The international community is developing a strategy for a global ocean observing system in cooperation with the Intergovernmental Oceanographic Commission (IOC), WMO, the Joint WMO/IOC Technical Commission for Oceanography and Marine Meteorology, and UNEP. A major U.S. contribution to this is the Integrated Ocean Observing System (IOOS), supported by the Administration’s U.S. Ocean Action Plan. The Strategic Plan for the U.S. Integrated Earth Observation System provides a framework for understanding connections between IOOS and the broader GEOSS. Products from IOOS—such as tsunami warnings, harmful algal bloom forecasts, and real-time navigation services—are already demonstrating their value to the economy, human health, and public safety. Although funding for IOOS is largely outside of the CCSP budget, its strategy is consistent with the requirements for ocean observations in climate research.

One theme shared by many of these focus areas is the improvement of the capacity for Earth system modeling and data integration.
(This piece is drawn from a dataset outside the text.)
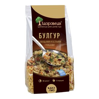 - Состав: булгур, морковь сушеная, грибы белые, перец черный молотый, асафетида, кумин, кориандр, майоран.

Benefits from this integrating theme are expected to include: (a) improvements in climate predictions through advances in model coupling, model components, data assimilation, model parameterizations, and model initialization; (b) improved ability to estimate sources, sinks, and fluxes of key environmental constituents (e.g., carbon, water) required for making many different types of informed decisions such as those regarding carbon sequestration and drought mitigation; (c) improved ability to estimate the effects of climate variability and change on human and natural systems; and (d) improved understanding of Earth system processes, including component interactions, which will provide vital underpinning for future scientific advances. These advances in Earth system modeling and data integration are also critical to the ultimate success of the U.S. Integrated Earth Observation System.